There will come soft rains

Interview with Jeronimo Voss

1. The exhibition is based on the narrative of a non-human world. This theme defines the context for the artists and visitors as well as for the additional education program. For your project you decided to stage holograms of bookshelves photographed in living rooms. What is your main interest in this topic?

I got the idea when I read about the ancient mythology of Cassandra. Cassandra is the seer that herself isn’t seen. According to Greek mythology her prophecies are ignored by her fellow Trojan citizens because she is cursed by a god whom she refuses to have sex with. As a priest, as a seer, she states that this society will not sustain itself much longer. So she knows about the social crisis that surrounds her – a knowledge that is probably not supernatural given that Troy is besieged by Greek enemy soldiers. As a result, she is not only ignored but even considered a traitor. I think this story speaks a lot about those who still deal with the truth of the current and future social reality and it’s unfolding crisis, how powerless it can feel to analyse and speak about this crisis without being able to directly having an impact on it – just think of the hatred people can face in today’s “post-factual” media world. Allan Sekula once stated: “the old myth that photographs tell the truth has been replaced by the new myth that they lie.” So I decided to stage photographs of bookshelves in a Cassandrian setting. In my view Cassandra’s caves today are living rooms filled with knowledge about the ongoing crisis of the last 3000 years of class society. If humanity will really end in self-extinction one probably would find an answer for how and why this happened in these caves.

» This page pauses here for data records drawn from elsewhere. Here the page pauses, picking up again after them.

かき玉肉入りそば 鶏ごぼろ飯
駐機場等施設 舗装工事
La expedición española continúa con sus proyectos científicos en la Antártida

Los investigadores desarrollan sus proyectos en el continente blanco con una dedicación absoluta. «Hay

2. Where did you find these bookshelves?

In living rooms of people I meet in my everyday life. People I share a conversation with. Then I constructed a framework in which their bookshelves don’t appear isolated but as part of a collective discussion. So maybe I interpret the mythology of Cassandra in a different way than the ancient Greek’s version would suggest. I see her as a realist, rejecting divine authorities, knowing and speaking about a reality in crisis – even though this might not be enough to actually stop the catastrophes from unfolding. In Christa Wolf’s take on this mythology Cassandra’s cave is a communal place of women where she would recover from her priesthood and the physical and mental breakdowns she endured. It’s not a private space but an alternative social model, a place of recovery from the surrounding crisis.

3. One common way to face the crises of our present day world is to explore and establish various strategies of sustainability (e.g. by the use of recyclable materials and energies, the sharing of goods or the collective repairing of things in temporary communities). Do such strategies of sustainability also play a role in your artistic practice?

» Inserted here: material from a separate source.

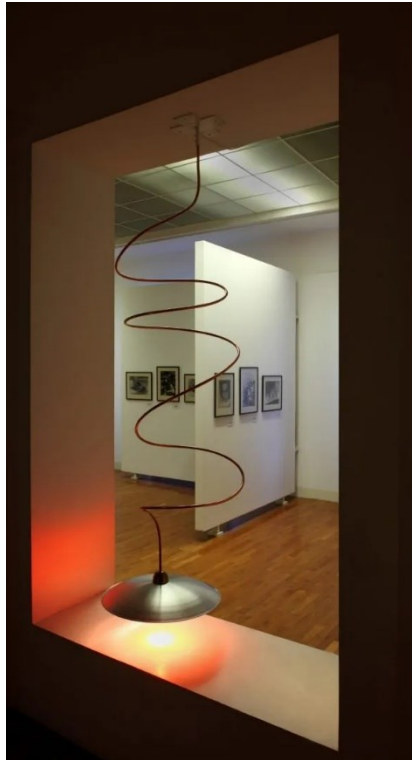
Slika 1. Dubravka Rakoci, Crtež u prostoru , 2011. („Dubravka Rakoci, Crtež u prostoru , 2011. - Muzej za umjetnost i obrt,” 2018)

funkcionalne svjetiljke, sugeriraju da ih je potrebno doživjeti kao simbolične svjetlosne interpretacije karakterističnog motiva kruga koji je temelj njezina slikarstva (Fučkan, 2019).

For me it is very striking to see that up until today the only substantial decrease in carbon emissions is not related to any kind of sustainability policy but to major world economic downturns – like the recent global recession of 2009. So what would happen if our times were no longer dictated by economy? I think this is an interesting question, also for artistic practice. How would an economy of time look like that no longer dominates our lives but instead gives us the necessary space to do what we want? Those bookshelves belong to people that I also share a political discussion with – some of us are currently transforming a former business building into collective dwelling and public working spaces in Frankfurt am Main’s main station area (www.nika.haus) – so yes, communal strategies definitely influence my practice.

4. Given the different problems that characterise our late modern world, on which level do you think could art contribute to social and ecological changes? And is art not always at a high risk to again end up in Cassandra`s role within those processes?

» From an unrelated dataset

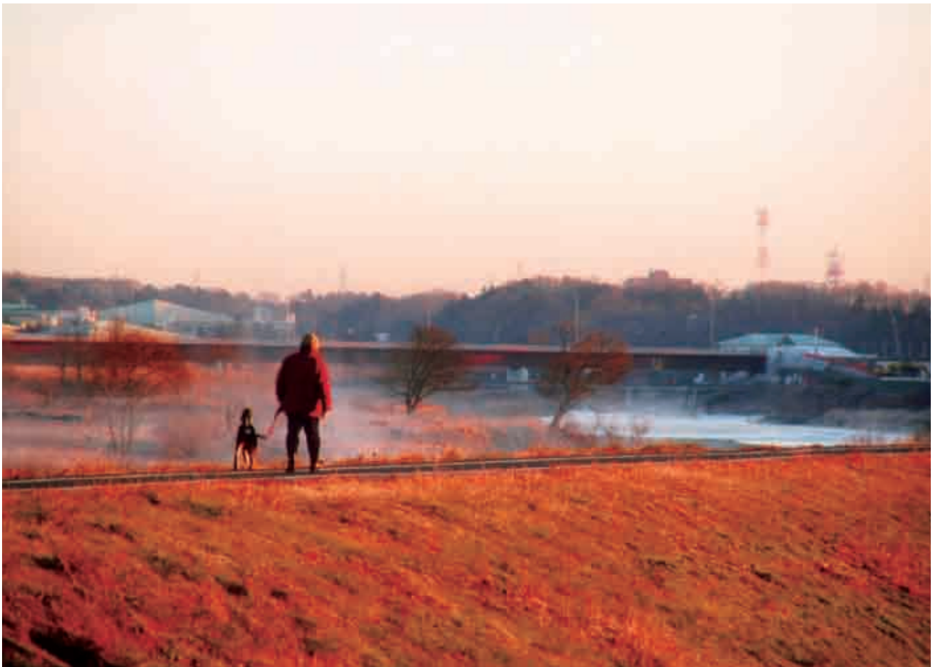
朝焼けの思川河川敷（大字間々田）

I believe the story of Cassandra as the tragic god-rejecting female priest was invented by those who aimed at legitimising their own divine patriarchal order. With Cassandra’s Cave I stage a different mythology. Maybe Cassandra isn’t really interested in preventing a certain kind of crisis. Every piece of art is a parallel world – and some of these worlds can be quite immersive and tempting and some might actually provoke some thinking or just please the market. These parallel realities are models, simulations, options, images; good or bad is not for the artworks to decide.

5. During the last decade the liaison between art and science has been a topic frequently discussed. In this context art was often considered to be a successful tool for the production of alternative forms of knowledge. How do you evaluate this idea?

In my work, if I deal with science, it is just a resource among other resources. I don’t see the difference between a scientific thesis and, for example, a cookbook.

6. Can you suggest a youtube video that deals with a certain aspect of the exhibition (e.g. the non-human scenario, environmental factors or sustainability)?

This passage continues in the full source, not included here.